6. En troisième lieu, Mme A B soutient qu'elle réside habituellement en France depuis huit ans, qu'elle vit actuellement en concubinage avec un ressortissant français et qu'elle a noué de nombreux liens amicaux et professionnels dans les stations de sport d'hiver où elle est saisonnière. Si la durée de son séjour est établie par les pièces du dossier, elle résulte toutefois de son maintien en situation irrégulière sur le territoire français à l'expiration de son titre de séjour. Son concubinage avec un ressortissant français, qui date de juillet 2024, est en outre très récent. Si elle produit des contrats de travail démontrant une bonne intégration professionnelle en tant que saisonnière dans les stations de sport d'hiver lorsqu'elle disposait d'un titre de séjour, elle ne justifie pas disposer d'une activité régulière et de ressources stables depuis 2019. Enfin elle n'établit pas être dépourvue d'attaches familiales à l'île Maurice où elle a vécu jusqu'à l'âge de 29 ans. Dans ces conditions, elle n'est pas fondée à soutenir que l'obligation de quitter le territoire français attaquée porte une atteinte disproportionnée au droit au respect de sa vie privée et familiale garanti par l'article 8 de la convention européenne de sauvegarde des droits de l'homme et des libertés fondamentales.

En ce qui concerne le refus de délai de départ volontaire et l'interdiction de retour sur le territoire français :

7. Il résulte de ce qui précède que la requérante ne peut se prévaloir de l'illégalité de l'obligation de quitter le territoire français, pour demander l'annulation, par voie de conséquence, de la décision de refus de délai de départ volontaire et de la décision d'interdiction de retour sur le territoire français.

En ce qui concerne l'assignation à résidence :

8. En premier lieu, aux termes de l'article L. 732-1 du code de l'entrée et du séjour des étrangers et du droit d'asile : " Les décisions d'assignation à résidence, y compris de renouvellement, sont motivées ".

9. L'arrêté attaqué, qui vise les textes applicables, rappelle le prononcé d'une obligation de quitter le territoire français et indique que l'éloignement de l'intéressé demeure une perspective raisonnable, comporte les considérations de droit et de fait qui le fondent.

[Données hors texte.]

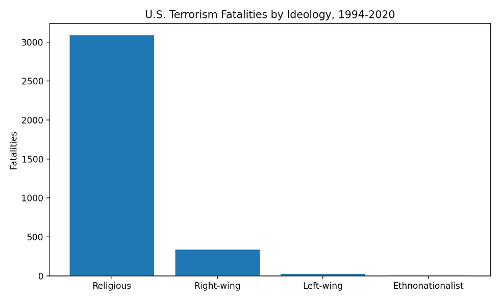Figure 5. U.S. terrorism fatalities by ideology, 1994–2020.
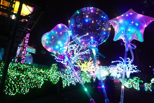 これを持ちながらイルミネーションを背景に撮影すれば、写真映えするはず。ゴムではなくビニールなので、何度も空気を入れることができ、再訪するときも持参したいアイテムです。

Il répond ainsi aux exigences de motivation imposées par l'article L. 732-1 du code de l'entrée et du séjour des étrangers et du droit d'asile.

10. En deuxième lieu, si Mme A B invoque dans sa requête sommaire la méconnaissance des articles L. 731-1 et suivants du code de l'entrée et du séjour des étrangers et du droit d'asile, ce moyen n'est pas assorti des précisions permettant d'en apprécier la portée et le bien-fondé.

11. En troisième lieu, l'arrêté attaqué autorise Mme A B à circuler dans le département de l'Isère et ne lui impose qu'une obligation de présentation à l'hôtel de police de Grenoble deux fois par semaine, les lundi et jeudi à 9h00, y compris les jours fériés ou chômés. Mme A B, qui ne conteste pas résider à Grenoble, ne justifie pas, par les attestations qu'elle produit, être appelée à exercer une activité régulière comme saisonnière dans une station savoyarde pour la prochaine saison hivernale. Dans ces conditions, et eu égard aux buts en vue desquels la mesure d'assignation a été prise, Mme A B n'est pas fondée à soutenir que les modalités de cette mesure sont entachées d'une erreur manifeste d'appréciation au regard de leurs conséquences sur sa situation personnelle.

12. Il résulte de tout ce qui précède que les conclusions à fin d'annulation présentées par Mme A B doivent être rejetées.

D E C I D E :

Article 1er : Mme A B est admise au bénéfice de l'aide juridictionnelle provisoire.

Article 2 : Le surplus des conclusions de la requête de Mme A B est rejeté.

Article 3 : Le présent jugement sera notifié à Mme D B, à Me Sechaud et à la préfète de l'Isère.

Rendu public par mise à disposition au greffe le 24 décembre 2024.

La magistrate désignée,

E. BEYTOUTLa greffière,

L. BOURECHAK

La République mande et ordonne à la préfète de l'Isère en ce qui la concerne et à tous commissaires de justice à ce requis en ce qui concerne les voies de droit commun, contre les parties privées, de pourvoir à l'exécution de la présente décision.